The popularity and interest in Artificial Intelligence (“AI”) agents (or “Agentic AI”) have boomed in the past couple of years. This idea of AI “doing” as opposed to simply “informing” has captured so much interest that large platforms such as AWS, GCP, Azure, LangChain, and others have developed services, packages, examples, blueprints, frameworks, and more to make starting your AI agents journey seamless.
At a high level, the structure of an agent with a Large Language Model (“LLM”) embedded usually looks something like this:
An LLM-powered agent is set up with a goal to reach or a task to complete. The LLM has access to a range of utilities, or “tools” such as relevant files, APIs, functions, etc.
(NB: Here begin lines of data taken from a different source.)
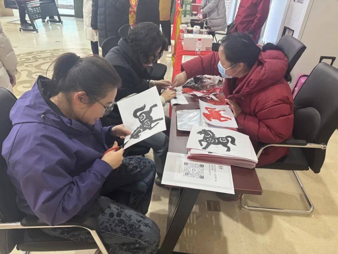“红纸裁春”区,特邀非遗剪纸传承人现场教学,参与者亲手制作生肖窗花;“糖画手作”区由民间艺人指导,用熬制的麦芽糖绘制新春吉祥图案;“迎春送福”区为园区企业送“福”字,营造欢乐祥和的节日氛围;“年货市集”里的各种逛吃,年味儿满满。
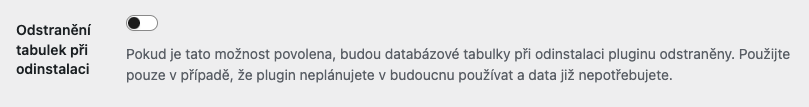 - Povolené odstranění tabulek: Pokud tuto možnost povolíte, databázové tabulky vytvořené pluginem budou při jeho odinstalaci zcela odstraněny. Používejte toto nastavení pouze tehdy, pokud jste si jisti, že data už nebudete potřebovat ani v budoucnu.
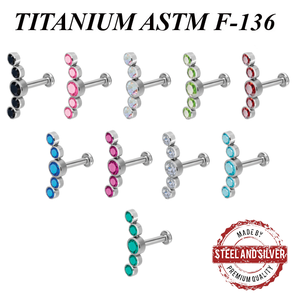 Лабрет из имплантационного титана 6Al-4V-Eli ASTM: F-136 с внутренней резьбой. Украшен кластером из пяти Premium Crystals.
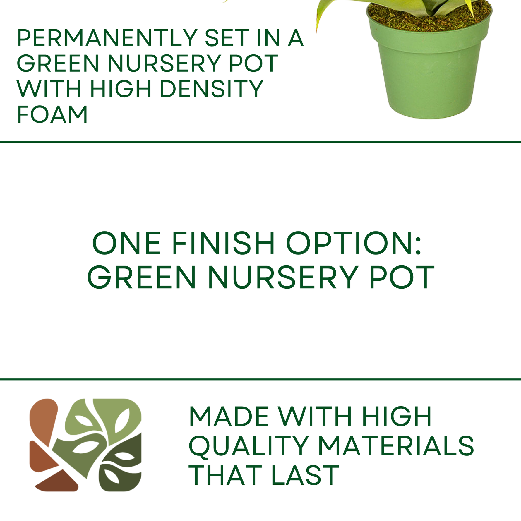 Comes in a non-decorative green nursery pot for easy styling
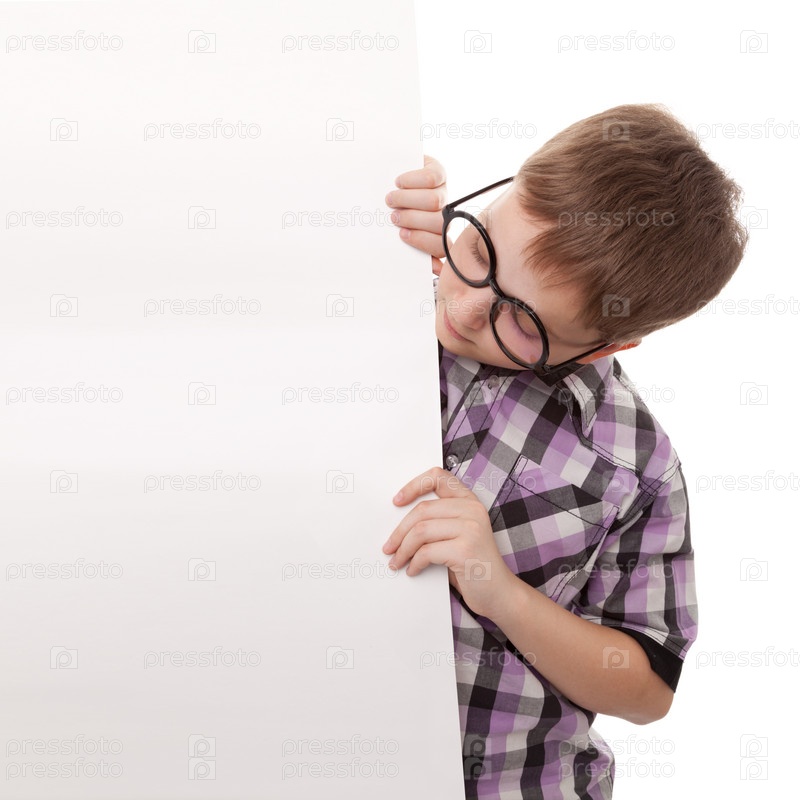 Подросток стоит у белой пустой карты, подросток держит пустой рекламный щит

Given the tools and the task at hand, the LLM “decides” what action to proceed with using the tools at its disposal; this may repeat until the “desired” outcome has been fulfilled.
While the support these companies have provided can be great, it’s clear to engineers that the overuse and needless adoption of AI will increase exponentially, and, the likelihood and severity of risks will also increase at a similar rate. Organisations are making a critical error: they’re deploying AI agents as a solution in search of a problem, while traditional automation would deliver better results with lower risk in most situations. Here, we present an argument that, in many cases, especially those involving structured processes, the risks of adding an LLM-powered agent can outweigh the benefits. As much as we’d love AI to be a set-and-forget endeavour, now more than ever, we are learning why this will not work.
Determinism vs “free will” (stochastic programmes)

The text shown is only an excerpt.